Revelation 18:21–19:3 (ESV) — Then a mighty angel took up a stone like a great millstone and threw it into the sea, saying, “So will Babylon the great city be thrown down with violence, and will be found no more; and the sound of harpists and musicians, of flute players and trumpeters, will be heard in you no more, and a craftsman of any craft will be found in you no more, and the sound of the mill will be heard in you no more, and the light of a lamp will shine in you no more, and the voice of bridegroom and bride will be heard in you no more, for your merchants were the great ones of the earth, and all nations were deceived by your sorcery. And in her was found the blood of prophets and of saints, and of all who have been slain on earth.” After this I heard what seemed to be the loud voice of a great multitude in heaven, crying out, “Hallelujah! Salvation and glory and power belong to our God, for his judgments are true and just; for he has judged the great prostitute who corrupted the earth with her immorality, and has avenged on her the blood of his servants.” Once more they cried out, “Hallelujah! The smoke from her goes up forever and ever.”

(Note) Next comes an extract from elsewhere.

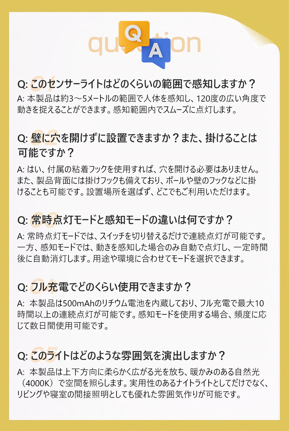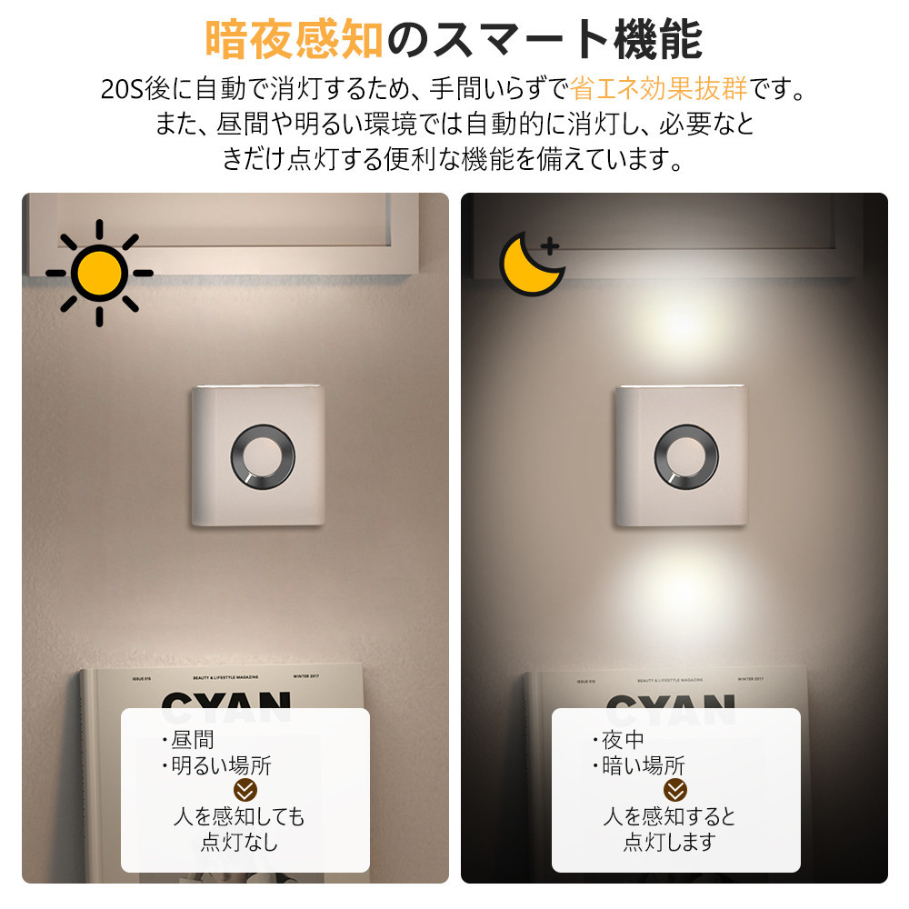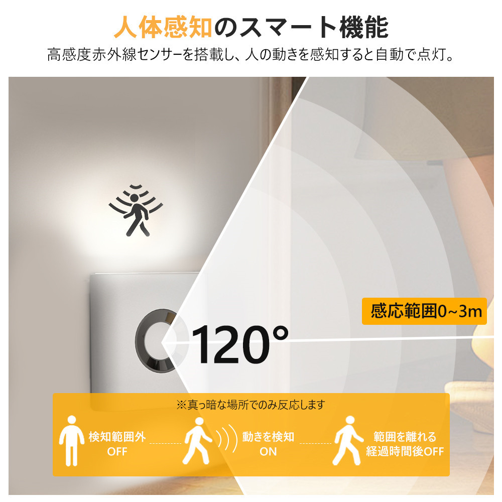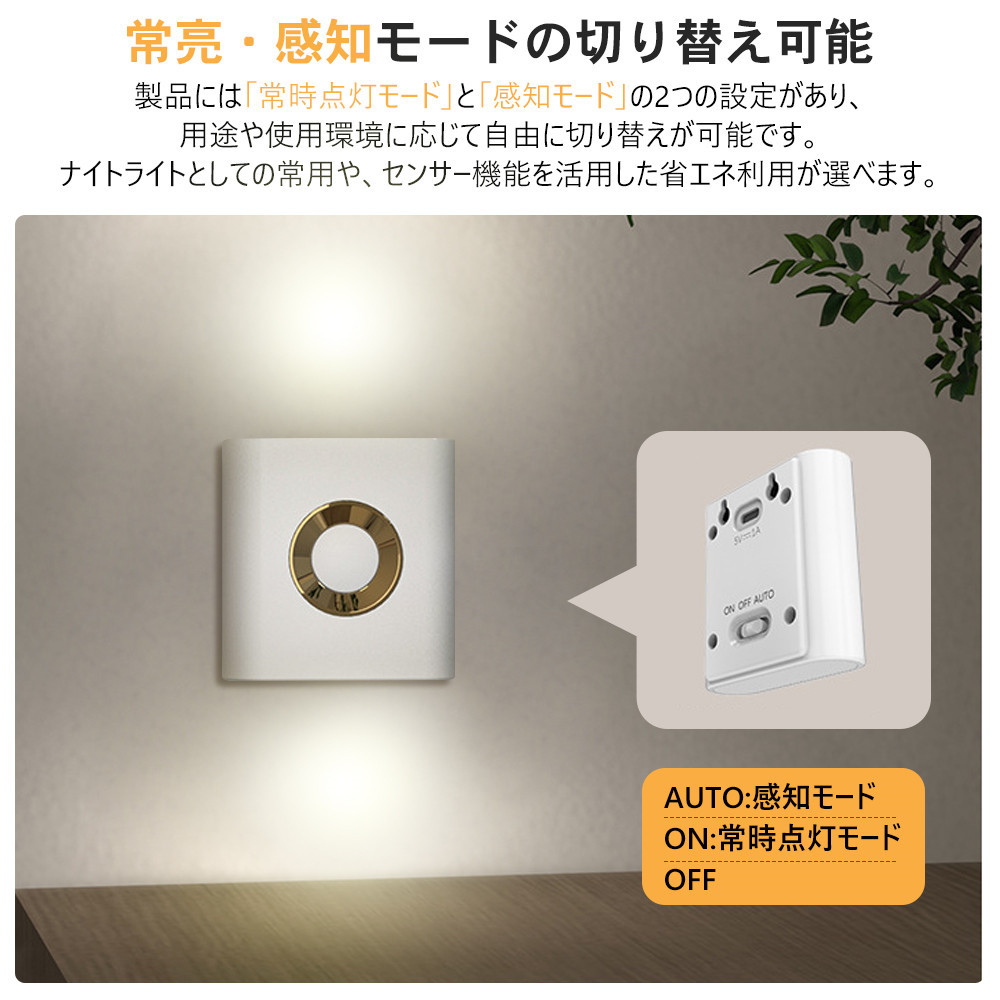 この常夜灯には「常時点灯モード」と「感知モード」の2つの設定があり、用途や使用環境に応じて自由に切り替えが可能です。
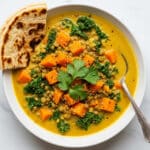This warming Ginger Sweet Potato and Coconut Milk Stew with Lentils and Kale combines the earthiness of sweet potatoes and lentils with the creaminess of coconut milk and a fragrant blend of spices. The dish is enhanced with fresh ginger, garlic, and vibrant kale, creating a nourishing, comforting stew perfect for chilly days or anytime you crave a hearty, healthy meal.

A better city, the New Jerusalem will come down

But that is not the final end. Once Babylon is finally cast down, there will be a new city, and a better one.

Revelation 21:10–11 (ESV) — And he carried me away in the Spirit to a great, high mountain, and showed me the holy city Jerusalem coming down out of heaven from God, having the glory of God, its radiance like a most rare jewel, like a jasper, clear as crystal.

Revelation 21:22–26 (ESV) — And I saw no temple in the city, for its temple is the Lord God the Almighty and the Lamb. And the city has no need of sun or moon to shine on it, for the glory of God gives it light, and its lamp is the Lamb. By its light will the nations walk, and the kings of the earth will bring their glory into it, and its gates will never be shut by day—and there will be no night there. They will bring into it the glory and the honor of the nations.

Revelation 7:9–10 (ESV) — After this I looked, and behold, a great multitude that no one could number, from every nation, from all tribes and peoples and languages, standing before the throne and before the Lamb, clothed in white robes, with palm branches in their hands, and crying out with a loud voice, “Salvation belongs to our God who sits on the throne, and to the Lamb!”

Conclusion / Application

The descendants of Noah after the flood refused to disperse across the world. They rather chose the security and comfort of Babel.

Even in the early church, the people of God were slow to disperse to the nations to share the good news of Christ, so the Lord brought persecution that forced the disciples to spread to other nations (Acts 11:19).

God is pursuing his glory through his gospel going to the nations.

Let us pray and work and proclaim to that end.